Scientists hope to have access to the material described in a published research paper, so they can verify the results and build on the conclusions. But, as the corrigendum on page 1044 of this issue shows, the work of research and the ethics of the field of study are not always synchronous, which can introduce unfortunate – and unacceptable – restrictions.
Corrigendum is related to a paper that describes making pluripotent germline stem cells from human testicular tissue (S. Conrad et al. Nature 456, 344–349; 2008). As with all materials or data reported in a Nature research paper, these cells should be shared with the research community upon publication.
However, as a corrigendum details, none of the pluripotent cell lines are currently available due to restrictions in the consent forms of the donors, which limit distribution and promise that cells can be destroyed after a certain time in culture. will be done. The authors have since contacted donors and obtained permission to develop some of the lines for distribution. They are also building new lines for distribution from other donors.

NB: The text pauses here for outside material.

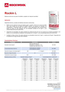 La borra RockIn L ha sido diseñada para el aislamiento térmico y acústico en las siguientes aplicaciones: Relleno de cámaras de aire de espesor igual o superior a 80 mm en muros de doble hoja de mampostería, entramado ligero de madera o trasdosados de placa de yeso laminado, con una densidad de insuflado de 55 kg/m³ y una conductividad térmica de 0,036 W/m·K. Aislamiento de buhardillas, mediante soplado con máquina neumática o turbina, con una densidad de instalación recomendada de entre 21 y 25 kg/m³ y una conductividad térmica de 0,045 W/m·K. Insuflado en falsos techos, aplicando una densidad mínima de 21 kg/m³ y máxima de 55 kg/m³, en función de la resistencia de carga del falso techo existente.

Such failures to deliver cell lines are inconsistent with Nature journal policies and the efficient advance of scientific knowledge. The corrigendum alerts investigators to this situation and the steps being taken to rectify it. This particular case illustrates how, when clinicians, researchers and their local ethics boards follow internal procedures that promote both donor safety and medical research, serious problems can arise.
The community was not as surprised by the situation – six out of seven researchers contacted by Nature thought it might happen again.
Researchers developing cell lines should investigate restrictions associated with the human tissue they are using, particularly if someone else collected the samples, if the samples come from multiple clinical sources or if they have multiple legal rights. come from the area. If a scientist needs to create a cell line that can be used for yet unexpected purposes, only tissue with no restrictions should be used.
An article published earlier this year helpfully suggested that scientists receiving human tissue may agree to some common procedures (such as sharing cell lines with other investigators) and by including requests to contact donors. Mentioning can alleviate most of the issues from the very beginning. again if their research takes an unexpected direction (K. Aalto-Setala et al. PLOS Biol. 7, e100042; 2009).
Journals may remind authors in their policy guidelines that authors of submissions that include consent forms should inform editors of any limitations that may result from those forms. The Nature journal will revise its policies to clarify this.
More importantly, patients, researchers, clinicians and review and ethics boards around the world need to agree on conventions that are acceptable to most parties under most circumstances. Internationally standardized consent forms for human tissue donation should include new uses, genomic comparisons, patents and product development, and should discourage limited access or lifespan.
Ethics and review boards are set up to protect individuals, but can go much further to promote research. No one can deny that donors need to understand the risks and benefits of a procedure, test or donation. However, it seems most ethically responsible, given the value of the research, to interpret the results to boards that restricted access and time limits can have on the value of a donor’s tissue.